On December 24, 2008 at 11:29 am
This is such a positive article and so many can learn from this on how to be a better parent or roll model. With a little encouragement a child will learn so much easier in a more effective and positive way.
A much needed article.
Happy Holidays, Chan, and so may more.
CutestPrincess
On December 24, 2008 at 11:36 am
this is a good article, it’s a must to build a strong relationship with our kids! we must find the right words and action for them to follow! i always end each conversation with, “I love you” and they do the same! its great!
lindalulu
On December 24, 2008 at 11:47 am
Very nice article Chan. Happy Holidays!
Ispellbad
On December 24, 2008 at 1:19 pm
Good! Liked it!
Inna Tysoe
On December 24, 2008 at 2:44 pm
That was great!
Thanks,
Inna
MJPatrick
On December 24, 2008 at 4:52 pm
Children don’t do what you are telling them to do. They imitate what you do. Great post!
Unofre Pili
On December 24, 2008 at 5:29 pm
A must-read for teachers and parents around the world. I will take of this.
CA Johnson
On December 24, 2008 at 5:48 pm
Great article. This is very good advice that people need to know.
denguitar22
On December 24, 2008 at 6:29 pm
great article
sheba
On December 24, 2008 at 8:20 pm
Great article. Advice that we all should read. Thanks for sharing!~
Liane Schmidt
On December 24, 2008 at 11:07 pm
Lovely, considerate, wonderful article CHAN!!
Blessings.
Sincerely,
-Liane Schmidt.
eddiego65
On December 25, 2008 at 12:33 am
An excellent and insightful article.
Eunice Tan
On December 25, 2008 at 10:20 pm
It is an important article. A must for parents!
goodselfme
On December 26, 2008 at 12:35 pm
Not only are these words beneficial to children, but to anyone. Well done. A great post here and well received by your many friends.
Alexa Gates
On December 26, 2008 at 12:53 pm
Great words to use! Very important
Glynis Smy
On December 26, 2008 at 1:52 pm
We have to be careful as the wrong words can be a mistake that hurts or confuses. Good article.
Judy Sheldon
On December 26, 2008 at 11:28 pm
Great advise. We need to always aim for positive and refrain from being negative.

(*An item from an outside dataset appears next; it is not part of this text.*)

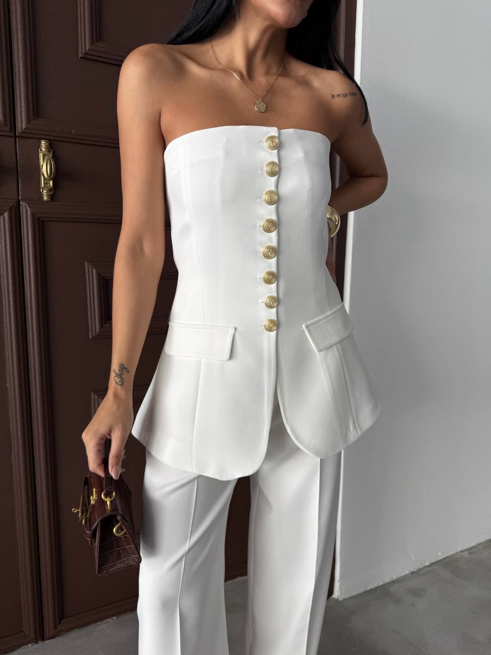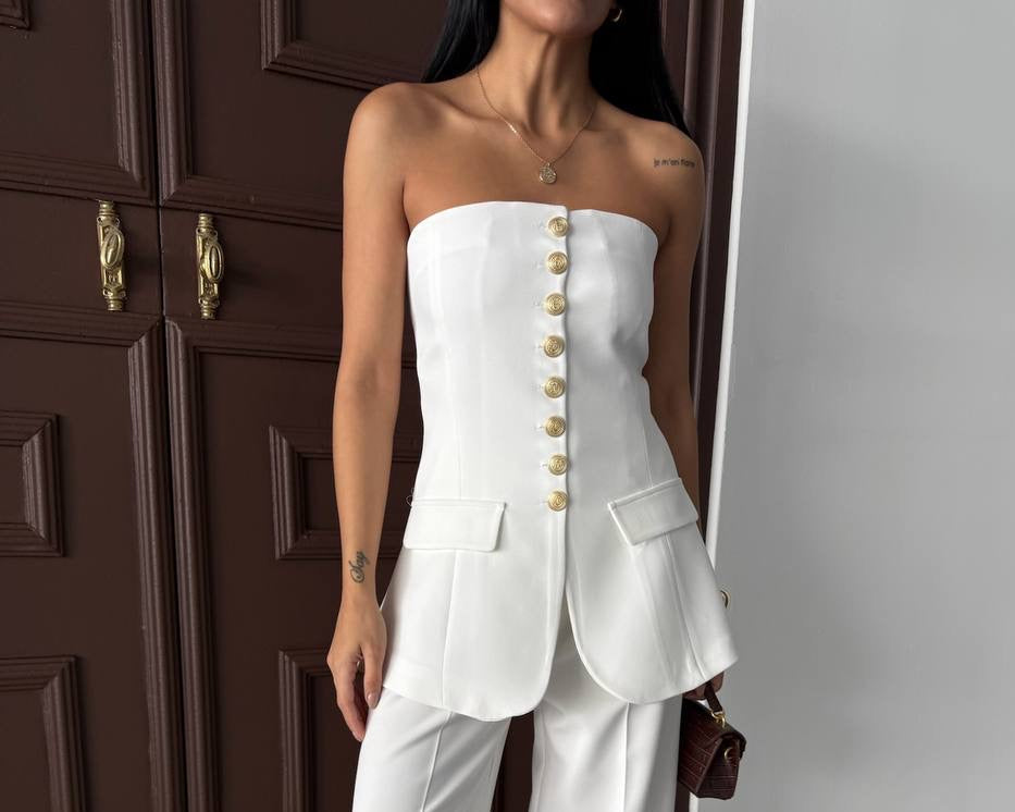 La Chleá Grace: Elegantes Oberteil mit Goldenen Knöpfen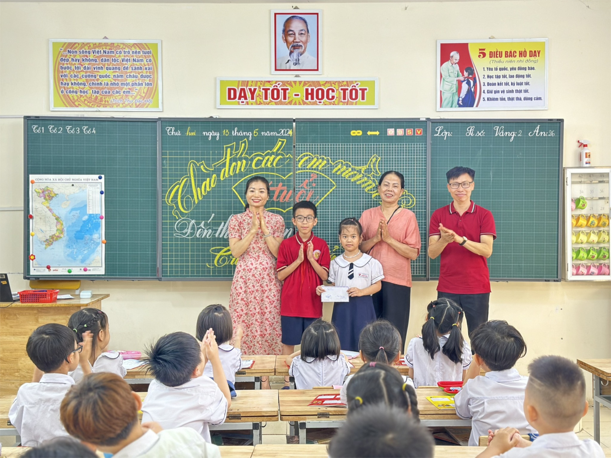 Trong buổi sinh hoạt dưới cờ tháng 5, Liên đội đã trao 1 xuất học bổng cho em Đỗ Trà My lớp 1A1. Và một phần đặc biệt trong những ngày tháng 5 lịch sử, chào mừng kỷ niệm 70 năm chiến thắng Điện Biên Phủ (7/5/1954 – 7/5/2024), Kỷ niệm 69 năm Ngày giải phóng Hải Phòng (13/5/1955 - 13/5/2024), bạn Trần Minh Khôi - chi đội 5A5 đã có một hành động rất đáng trân trọng. Bạn đã giành số tiền tiết kiệm được để trao tặng cho em Nguyễn Thị Ánh Sao lớp 1A3- một học sinh có hoàn cảnh đặc biệt khó khăn nhưng luôn chăm ngoan học giỏi có ý thức vươn lên trong cuộc sống. Minh Khôi là tấm gương sáng trong phong trào “Nói lời hay làm việc tốt” để các bạn học sinh toàn Liên đội noi theo.

Thanks so much and God bless.
nobert soloria bermosa
On December 27, 2008 at 6:06 am
…truly the best words for the young ones
Jamie Lee
On December 27, 2008 at 7:04 pm
I love your article. It is very helpful. Keep up the good work.
PR Mace
On December 28, 2008 at 6:00 pm
Well done article. I could have used this advice while raising our children. I always thought when we took our children home from the hospital that we should have been given an instruction manual.
valli
On December 31, 2008 at 10:22 am
What an insightful article!
Jenny Heart
On January 15, 2009 at 9:06 am
I agree that negative expressions can kill a childs spirit, and lead to many sad emotions in the future. I agree to treat them with all due respect. Great thoughtful writing!
trishia
On February 19, 2009 at 9:53 pm
I feel disgust when I think of the many children not being nurtured by these positive avenues. They worked for my children,and I try to pass them on to others.